Selection and identification of pathogenic field isolates.
Prior to inoculation of experimental animals, all stored isolates were screened by qPCR to detect SPV genomes to confirm the virus identity and then revived in diploid cells to confirm the presence of infectious virus after long term storage.

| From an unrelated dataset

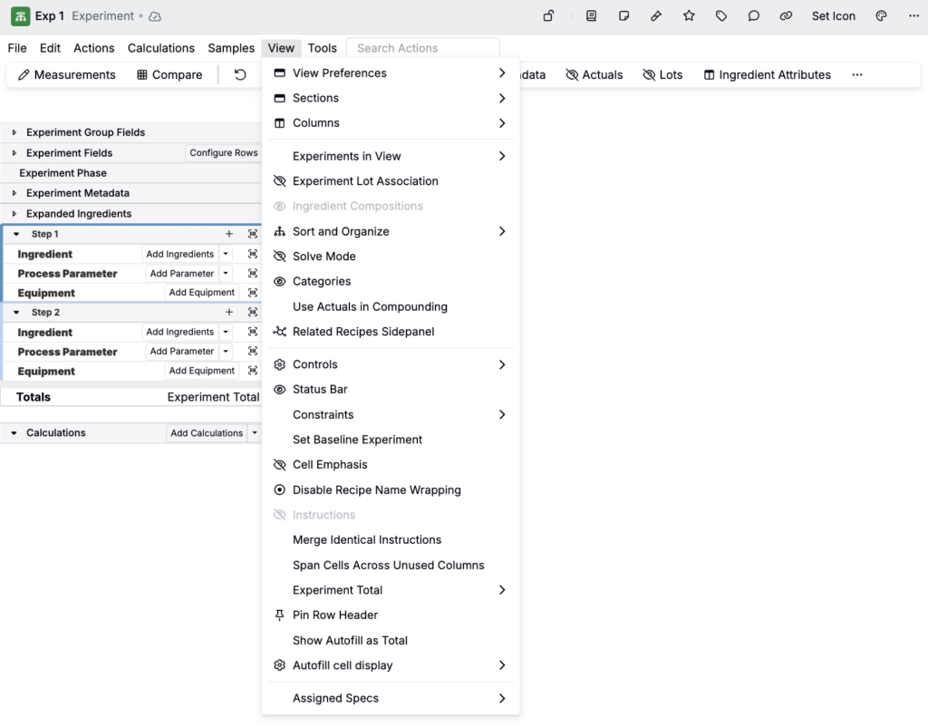 - Sections — Show or hide sections (Experiment information, Mix Instructions, Process Parameters, Equipment, etc.)

A one step Real time PCR was carried out using Invitrogen kit (SuperScript® III Platinum, Life Technologies, USA). The DNA amplification was performed using universal pair of primers a) downstream primer, CAPV-074F1, targeting gene encoding to envelop protein P32 (5′AAA ACG GTA TAT GGA ATA GAG TTG GAA-3′); and b) upstream primer, CAPV-074R1, 5′-AAA TGA AAC CAA TGG ATG GGA TA-3′, and the Taqman probe: 5′-FAM-TGG CTC ATA GAT TTC CT-MGBNFQ-3′ (12). The amplifications reactions (PCRs) were performed on a Smart Cycler. The following mix of each reaction was contained: 12.5 μl 2× PCR buffer mix, 0.5 μl MgSO4 (50 mM), 0.5 μl Rox (25 mM), 4.75 μl nuclease free water, 0.5 μl primers to a final concentration of 10 μM, 0.25 μl probe to a final concentration of 10 μM and 5 μl DNA template. The reaction was carried out in Step One TM Plus real-time PCR system (Smart cycler Cepheid, USA) at 94°C for 5 min, 94°C for 10 min, and 40 cycles of 55°C for 15s and 72°C for 45s. All reactions amplifications were recorded, analyzed, and the threshold cycle (Ct) determined with the Step One software (Smart Cycler).
Virus titration.
For virus titration 6-fold dilutions (10−1 to 10−6) were inoculated into the sheep heart cell carcinoma (ICO1 cell lines), and incubation during 7–10 days at temperature of 37°C +/− 2°C and relative humidity of 75% +/− 10%. The titer is calculated and estimated as the reciprocal of the highest dilution of the virus giving 50% CPE according to the Spearman Karber formula (13, 14).
Experimental infections.
In order to evaluate and compare the pathogenicity of Moroccan viral isolates, an experimental infection was performed in lambs; serologically negative (SN). For this purpose five local breed Lambs (2–4 months old) were housed in containment building with negative-pressure and water and feed were provided at libidum. The infection trials were approved by the local ethics committee and were carried out following strict animal welfare guidelines of Biopharma Society.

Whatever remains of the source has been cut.